The YMCA is now focused on finding new programs and services to better serve the community, obtaining additional funding resources and partnering with organizations with a similar mission.
Higher demand for services
Last April, the Chelan-Douglas Community Action Council had to scramble to figure out how to distribute food to those in need when the food pantries they partner with were shuttered.
"During the pandemic, all of our pantries actually closed," said Britany Meiklen, the council's Food Distribution Center Program director. "We ended up being able to get the National Guard to come and help us at that time. Everything went to drive-thru pantry style."
Meiklen said the Community Action Council also introduced its mobile food pantry.
"We had found that a lot of our rural areas, and areas of Wenatchee and East Wenatchee, were underserved," Meiklen said. "That is where the inception of the mobile food pantry came to be. It's trying to do the outreach for our underserved population."
The idea, initially, was to park the mobile food pantry and invite people inside to select the food they wanted. That wasn’t possible because of COVID restrictions. Patrons ended up picking up food boxes on the side of the van until the restrictions lifted.
The idea was successful enough that the Community Action Council is considering adding a second mobile pantry to its network.
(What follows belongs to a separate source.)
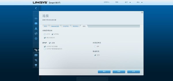 在管理功能中可以设置本地管理访问模式Upnp功能。

"Right now, this one seems to be doing the job pretty good," she said. "But yeah, we are always looking for ways to reach our community better and serve our community better."
'Re-emerging in beautiful ways'
Christine Morgan serves as executive director of the Leavenworth-based Icicle Fund, which supports more than 100 arts, environment and cultural nonprofits in the region by both funding grants and coaching and guiding nonprofits.
“I think our nonprofits, in general, have taken good advantage of this crisis and said, what can we learn? How can we be stronger going forward? What are some ways that we need to change?” Morgan said. “Because of the pandemic, there was a reflective pause for many organizations. And I’m really encouraged to see how they are re-emerging in beautiful ways.”
The Icicle Fund simplified its grant application process by eliminating site visits and letters of inquiry and adopting a standard form, Morgan said. The organization’s grants became more flexible, and existing grants were altered from being program specific to funding basic operations.
“As a funder, we have a role in this, where we are needing to change from the mindset of giving nonprofits only program support that will allow them to do a specific project or program or event,” Morgan said. “As opposed to saying, ‘we know that for you to be able to do this program, and to do it well, you need to get your indirect costs supported.’”
Morgan said all nonprofits have been affected by the pandemic. Art and cultural organizations were hit hard after they essentially shut or significantly altered how they delivered their mission. For many that meant going virtual. Environmental and conservation organizations, at the same time, were hit by an increased demand.
Morgan said more established organizations with a financial buffer were more successful at making it through the downtime.
“It has led to conversations around how can organizations be better prepared for the future,” Morgan said.